Надо заканчивать эту love story немедленно, пока не произошло глобальной катастрофы!.. Он что, сумасшедший?.. И он твердо решил, что завтра скажет об этом Оле.
Но приходило утро, наставал светлый день, еще одно утро и еще день. Он видел перед собой прелестную, как ангел, Олю, и куда-то исчезали ночные страхи, и казалось, никому до них нет дела.
И Оля не так уж и влюблена в него, а он — уж точно — нет, она лишь возбуждает его своей красотой, юностью, сексуальным порывом… Но…
Снова и снова он провожал ее, и они часами целовались, и он терял силы, а Оля шептала ему: — Я вас люблю, Вадим Александрович…
И опять приходил домой поздно, и опять казнился и трусил, и решал завтра все закончить…
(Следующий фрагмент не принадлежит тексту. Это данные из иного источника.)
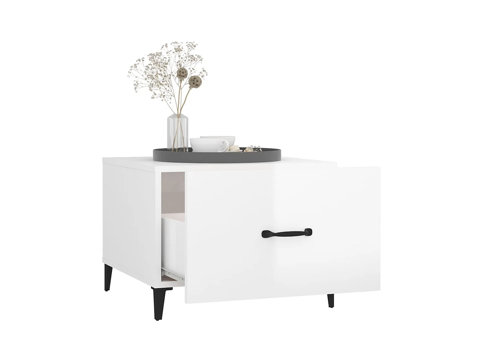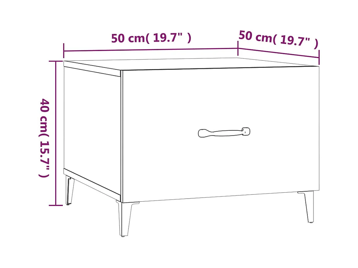 Salontafel | Bijzettafel met metalen poten 50x50x40 cm hoogglans wit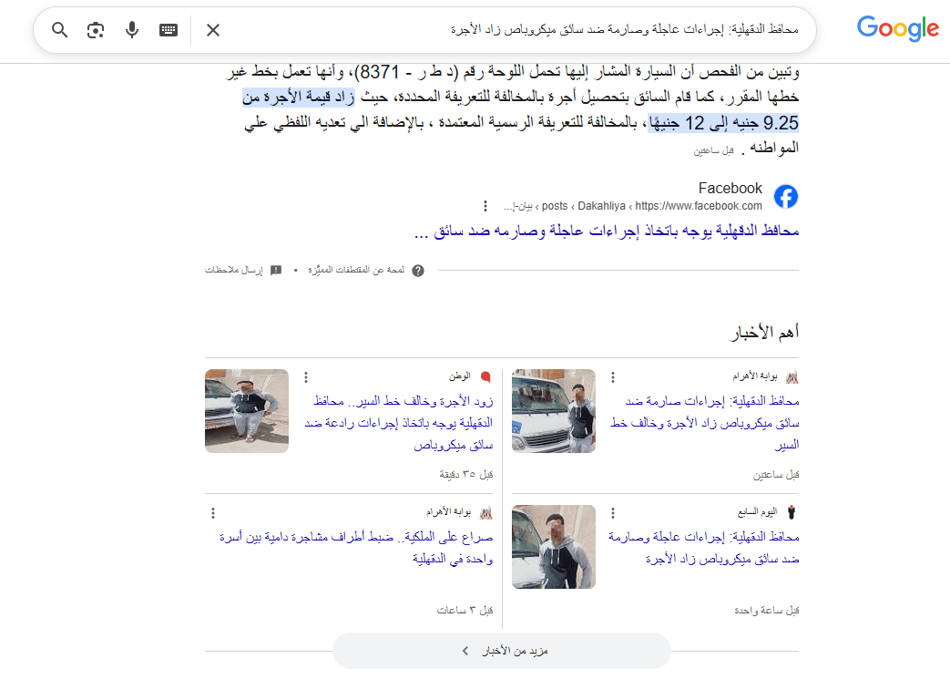 – محافظ الدقهلية يوجه باتخاذ إجراءات عاجلة وصارمه ضد سائق ميكروباص زاد الأجرة وخالف خط السير .– مرزوق: لن نسمح بأي استغلال للمواطنين أو مخالفة للتعريفة وخطوط السير .

На следующий день он отказался провожать Олю домой, но она расплакалась и сияющими от слез глазами смотрела на него и спрашивала:
— Вы разлюбили меня, Вадим Александрович?
Он хотел уже ей все сказать, но язык не поворачивался, и он подумал, что надо завтра заболеть и не выйти в этот треклятый архив…
Сегодня у него не хватило мужества сообщить Оле о своем решении. И он потащился ее провожать…
Домой он вернулся чуть раньше, чем обычно в последнее время, что-то сразу после десяти…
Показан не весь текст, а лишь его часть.